Гейдриху фон Шмерцу так лень было убивать этого дракона! (Хоть он действительно был «фон», действительно Шмерц, и даже крестили его именно Гейдрихом. Хотя священник был против. Но разве со Шмерцами поспоришь?) Тю! Выдумали тоже! Еще дракона зачем-то убивать! - Гейдрих вообще не любил формальностей, они его тяготили - не хватает людям настоящих забот, вот они и выдумывают себе игрушечные. Прекрасная Ульрика (была ли она прекрасна на самом деле, Гейдрих как-то не разбирался: «Прекрасная» - это было что-то вроде приставки «фон» перед его собственным «Шмерцем») - Ульрика досталась бы ему и так, и без дракона, и без двух драконов. И даже если бы он, вместо того, чтобы дракона убить, породил бы еще одного, она бы все равно вышла за него замуж: они были помолвлены еще детьми, все давным-давно было обговорено, согласовано, и решено прямо и бесповоротно. Если бы не формальности, они обвенчались бы еще год назад, и Гейдрих, облегченно вздохнув, заквасил бы ей по-быстрому (Гейдрих любил говорить: «эх, заквасить бы ей по-быстрому!» - правда, он при этом почти никогда не имел в виду Ульрику) - так вот, заквасил бы ей дитё, и уехал бы на какую-нибудь войну поинтересней - где все свои, все любят выпить и повеселиться… ну и т.д. (Гейдрих любил говорить: «Ну и т.д.»).

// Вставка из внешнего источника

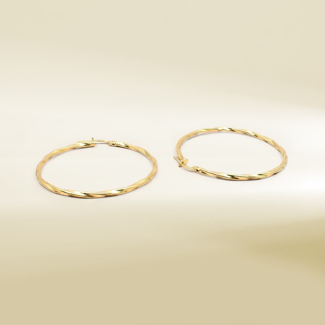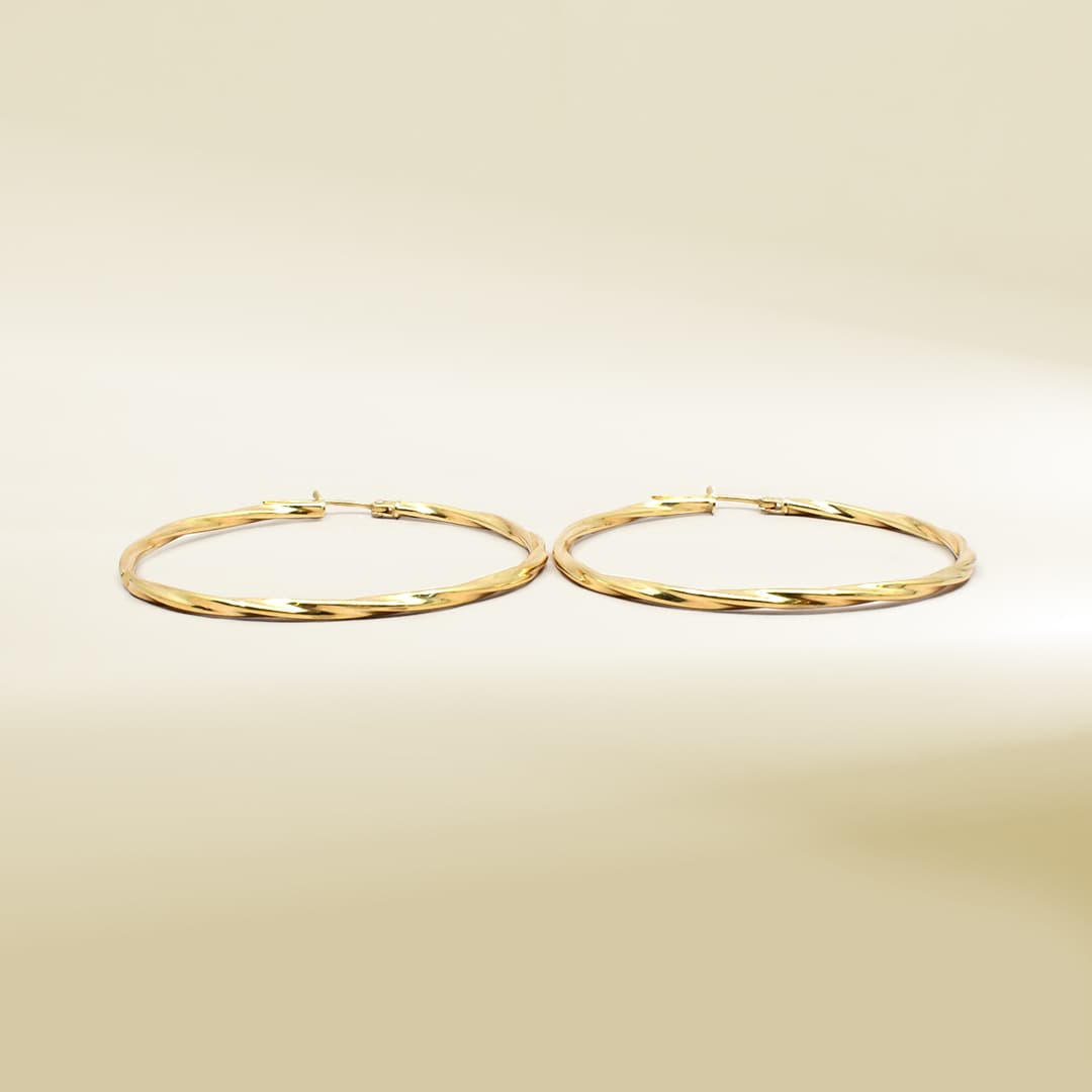 18K Yellow Gold Big Twisted Hoop Earrings

Пип-Дудочка не хотел убивать дракона. Он вообще никого не хотел убивать. Несмотря на то, что его считали дурачком - и не без оснований, - в его крохотном мозгу помещалась все-таки мысль, что если хочешь кого-нибудь убить, будь готов к тому, что все обернется совсем наоборот. А наоборот Дудочке не хотелось. Этой мысли в мозгу места уже не было, и она плавно растекалась по всему телу, болезненными толчками отдаваясь в желудке и создавая неприятную тяжесть в кишках. Пип-Дудочка видел, как разделывают овец, которых он пас, и знал, что у него тоже есть кишки. Он видел, как кишки выглядят снаружи тела - выглядели они нехорошо. Пип не хотел, чтобы его кишки оказались в таком положении. Нет, Пип однозначно не хотел убивать дракона.
Выйти решили на рассвете. Курт в пух и прах разругался с бургомистром: у них оказались противоположные точки зрения по вопросу, надо ли устраивать Торжественный Завтрак Перед Убийством Дракона, или можно ограничиться Торжественным Ужином После этого Подвига. Разъярившийся вконец Курт заявил, что он, понимаете ли, идет навстречу своему Концу, а некий скаредный кабан («не буду тыкать в него пальцем», - кричал Курт, нанося энергичные уколы пальцем в жирную грудь пыхтевшего бургомистра) лишает его возможности вкусить в последний раз дары Господа Бога нашего. На что бургомистр резонно заявил, что будет Подвиг - будет и Ужин, а если Курт собирается сложить свою голову во славу веры и города Кремме, то и Подвига, собственно, не получиться, потому как убийство драконом Курта вовсе не такое уж знаменательное и из ряда вон выходящее событие - а раз не будет Подвига, то и воду зря мутить не след.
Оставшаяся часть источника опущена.